04 April 2016

Real artificial leather

Japanese scientists have grown a full-fledged skin from stem cells

RIA News

Biologists from the RIKEN Institute have grown a full-fledged skin tissue from stem cells, which they successfully implanted into the mouse body, according to an article published in the journal Science Advances (Takagi et al., Bioengineering a 3D integumentary organ system from iPS cells using an in vivo transplantation model).

"Until now, the creation of artificial skin has been hindered by the fact that such tissue samples did not contain important components, such as hair follicles or glands of external secretion, without which the skin is not able to control the thermal regime of the body and perform other functions. Our skin has all these features and it can even be used in laboratory tests instead of animals," said Takashi Tsuji from the RIKEN Institute in Kobe (in a press release from Growing skin in the lab; the drawings below are taken from there).

Tsuji and his colleagues were able to achieve such success thanks to a special strategy of "reprogramming" stem cells, in which scientists grew not individual layers of skin, but the so–called "embryoid body" - a kind of semblance of the embryo, consisting of a mixture of different types of "blanks" of various tissues. The key to all these transformations was the Wnt10b gene, which caused stem cells to turn into different components of the skin.

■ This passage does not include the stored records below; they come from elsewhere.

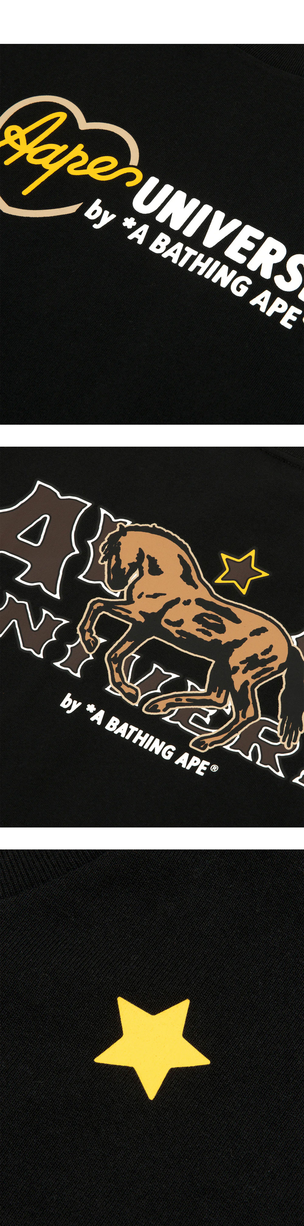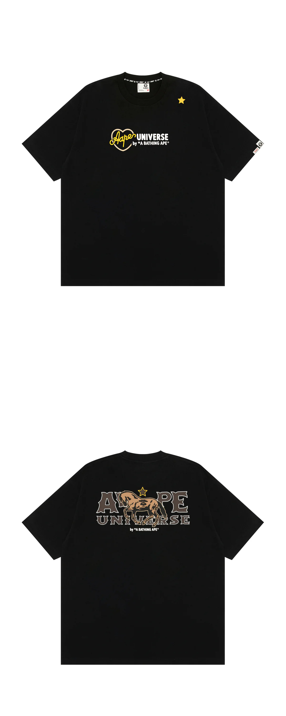 앞면과 뒷면의 아이코닉한 프린팅이 매력적인 에이프의 유니버스 로고 숏 슬리브 티 블랙입니다. - 전/후면 그래픽 프린팅 - 박시한 핏 - 100% 코튼 소재 - 크루 넥
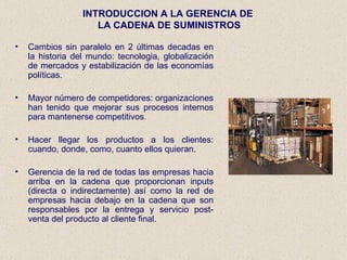 El documento describe los conceptos clave de la gestión de la cadena de suministro. Explica que la gestión de la cadena de suministro integra todas las actividades asociadas con el flujo y transformación de productos desde los proveedores hasta el cliente final, con el objetivo de reducir costos y satisfacer las necesidades del cliente. También describe las funciones internas y los miembros externos de la cadena de suministro y el uso de tecnologías de información para mejorar la integración e información a lo largo de la cadena.
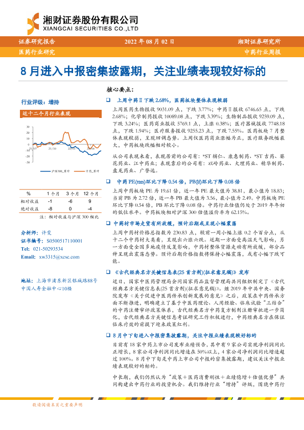 业绩表现 中报披露 中药行业 估值分析 政策支持
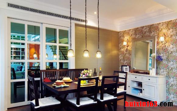 本套餐厅的整体装饰效果可以带给我们一种时尚感,空间内的墙壁上安装了一面镜面装饰,这样的设计搭配可以是整个空间都显得十分明亮,同时整个空间也因此而显得更加通透。
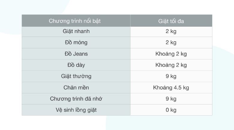 Có 1 Khối lượng giặt. Bạn đang chọn 9.0 Kg
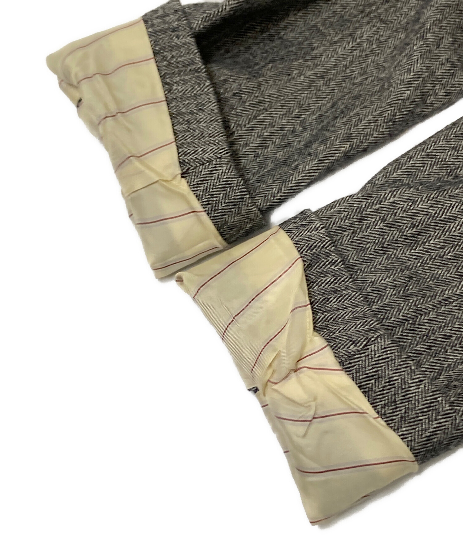 | 素材 | 表地:毛44%、ポリエステル27%、レーヨン15%、ナイロン11%、ポリウレタン3% 裏地:キュプラ100% |
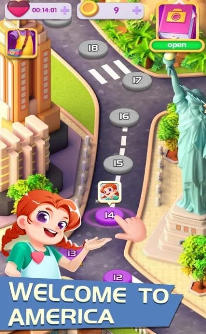 与艾米丽一起旅行在这里晚点买以下除的方式,带着艾米一起去的世界各地进行旅行游戏的关卡,也是根据地图进行设计的。有中国,埃及,美国,巴黎,等多个世界名胜景地。关卡中是以糖果元素设计的,所以玩起来比较的容易上手。
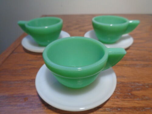 Title (ebay affiliate link): 3 JADITE AKRO AGATE CONCENTRIC CIRCLES CUPS & WHITE SAUCERS
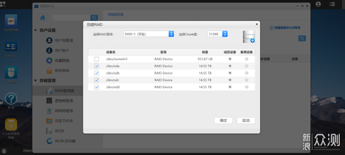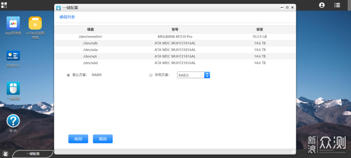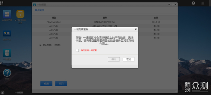 在一键配置中,万由OS6.0也贴心的帮我们做好RAID的配置,没有特殊需要就选择默认的RAID5就好。
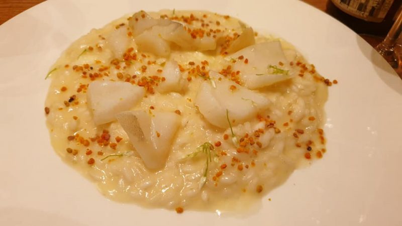 Premessa dovuta per raccontare la mia cena da Passerini. Dopo l’esperienza di Rino, che è divenuto un locale cult per gli appassionati, Giovanni si sposta in un ambiente più grande, apre un pastificio di fianco al ristorante, passa dalla cucina all’impronta, senza menù, ad una carta. Giovanni Passerini alfiere della bistronomie francese? No, alfiere della trattoria moderna italiana. La cucina italiana, tra le altre cose, si differenzia da tutte le altre cucine del mondo per avere “una partita” in più, quella dei primi. L’affondo di Giovanni nella tradizione italiana, genovese, vignarola, puntarelle è chiaro, le cotture di paste e riso al dente. Veniamo alla nostra cena. L’inizio è un omaggio a Monsier Passard con asparagi, camomilla, crema di latte, mimosa al polline di fiori, delizioso, come il merluzzo confit con vignarola, insalata cotta e salsa al vino. La batteria delle paste lascia il segno. Cotture perfette, italianissime, come tanti dei prodotti utilizzati, su tutti una magnifica esecuzione delle casarecce alla genovese con l’aggiunga dell’anguilla affumicata che ne amplifica e allunga il gusto. Chiusura con l’animella, cottura millimetrica e il riso con il latte, nella versione raffinata di Giovanni che aggiunge caramello salato e pompelmo rosa in pezzi e sorbetto.
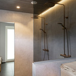 | Kylpyhuoneen kuvaus | 1. krs: pesuhuone/paneelit Siparila struktuuri. Valaistu saippuasyvennys. 2 x Damixa sadesuihku. Seinät ja lattia laattaa. 2. krs: kylpyhuone/Noblessan allaskaappi ja Svedsbergin peilikaappi, Gustavsbergin seinä-wc, Damixan kuparihana, Damixan sadesuihku. Seinät ja lattia laattaa. |
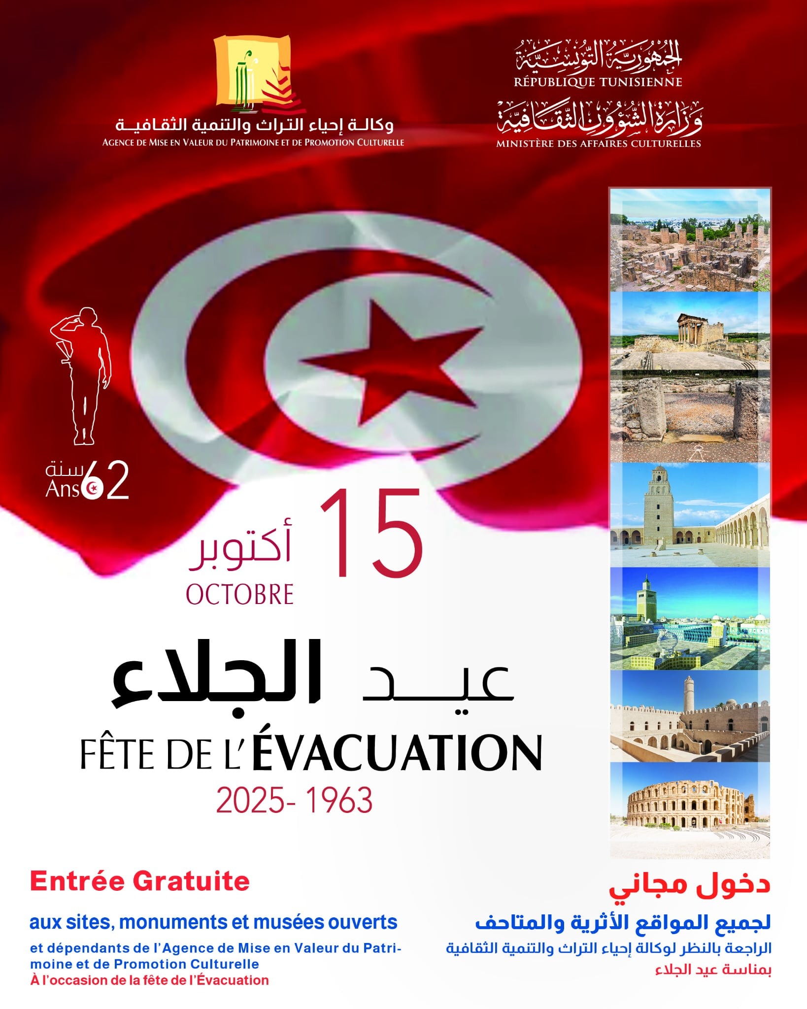 أعلنت وكالة إحياء التّراث والتّنمية الثّقافية أنّ الدخول إلى جميع المواقع الأثريّة والمعالم التاريخيّة والمتاحف المفتوحة والتابعة لها سيكون مجانًا يوم الأربعاء 15 أكتوبر 2025، وذلك في إطار سياسة تقريب الثقافة من المواطنين وإتاحة الفرصة للجميع لاكتشاف التراث الوطني.
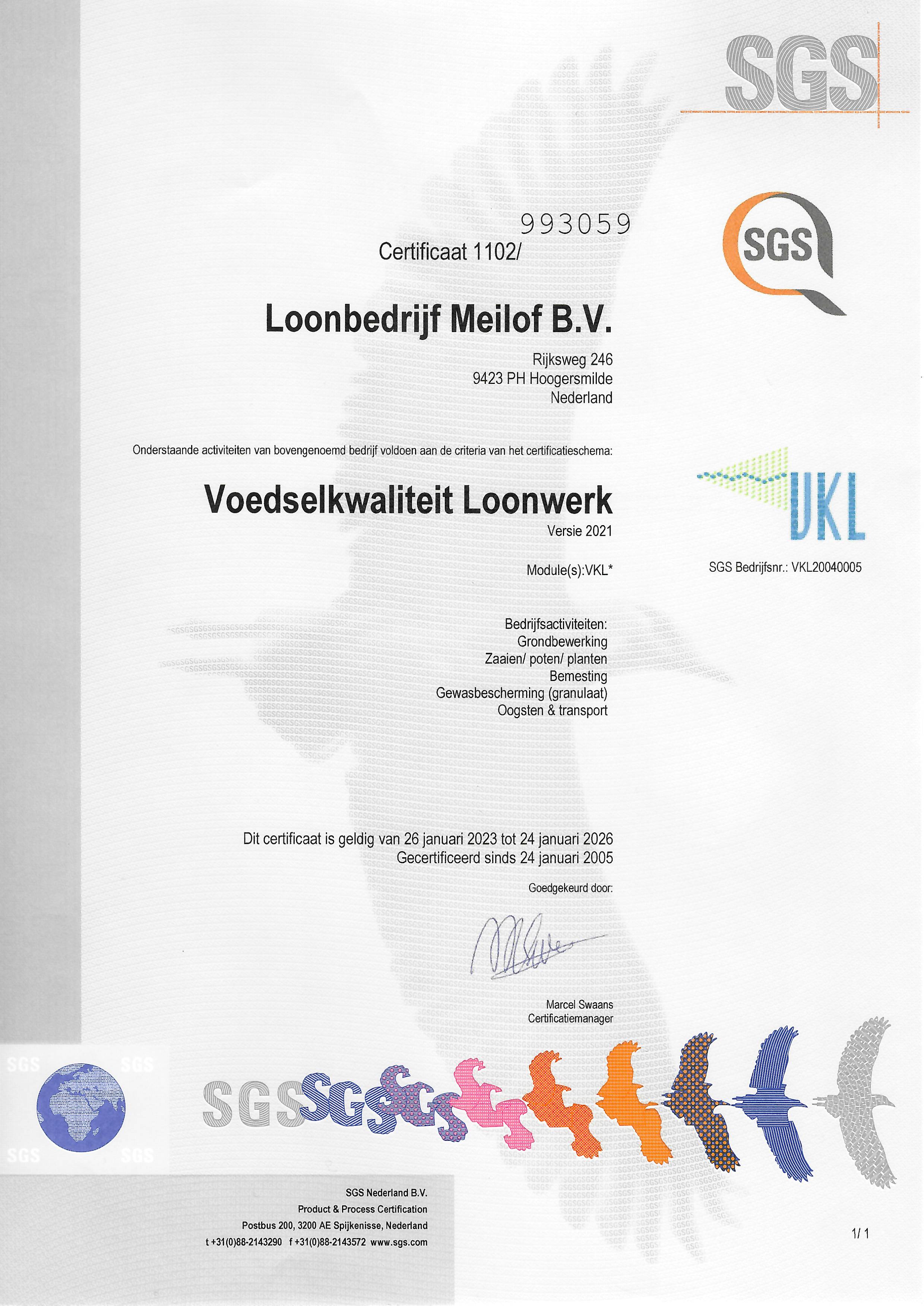 Voedsel kwaliteit loonwerk (VKL certificaat) :
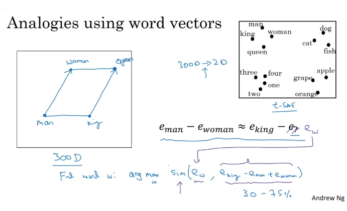 유추 문제에도 도움을 준다. 남자와 여자는 같은가? 뺄셈. man-woman이 king-queen과 비슷한 결과.
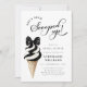 Célébrez la future mariée avec cette invitation à la douche nuptiale chic "She’s Been Scooped Up!" avec un cône de crème glacée moderne noir et blanc surmonté d’un élégant ruban noir. L'aquarelle se marie à une typographie décontractée et élégante pour un look frais et sophistiqué, parfait pour une fête de la mariée d'été ou un brunch et un événement bubbly amusant. Le détail du cône gaufre et la palette minimaliste apportent une touche tendance aux mariées modernes à la recherche d'un thème unique et ludique.
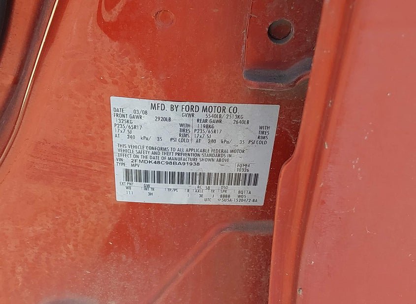 - VIN: 2FMDK48C98BA91938
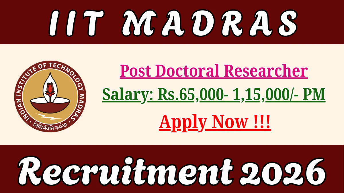 Indian Institute of Technology Madras (IIT Madras) has released an official notification for the recruitment of 01 Post Doctoral Researcher Posts. Interested and eligible candidates can apply Online through the official IIT Madras website. The last date to submit the application form is 16-02-2026. In this article, you’ll find the IIT Madras Post Doctoral Researcher Posts recruitment details, including eligibility criteria, age limit, salary structure, selection process, application steps, and direct links to the official notification and Online application form.

Having received several such "embryos", scientists implanted them into the body of mice, where these organoids began to grow and turn into adult body tissues. When these embryos grew to a sufficiently large size, the scientists removed them, cut off their skin and transplanted it onto the body of other mice whose skin was damaged.

ipsc_skin1.JPG

This operation was completely successful – the skin completely took root, and it had all the features of a healthy rodent body cover – it had quite a lot of hair follicles, sweat and sebaceous glands and other important skin components that usually cause problems when growing it.

ipsc_skin2.JPG

The creation of the first full-fledged artificial skin, as scientists note, opens the way not only for the creation of the first real skin implants that will help save the lives of people with multiple burns and severe skin diseases, but also, for example, to abandon laboratory tests on animals, which cause protests among many people.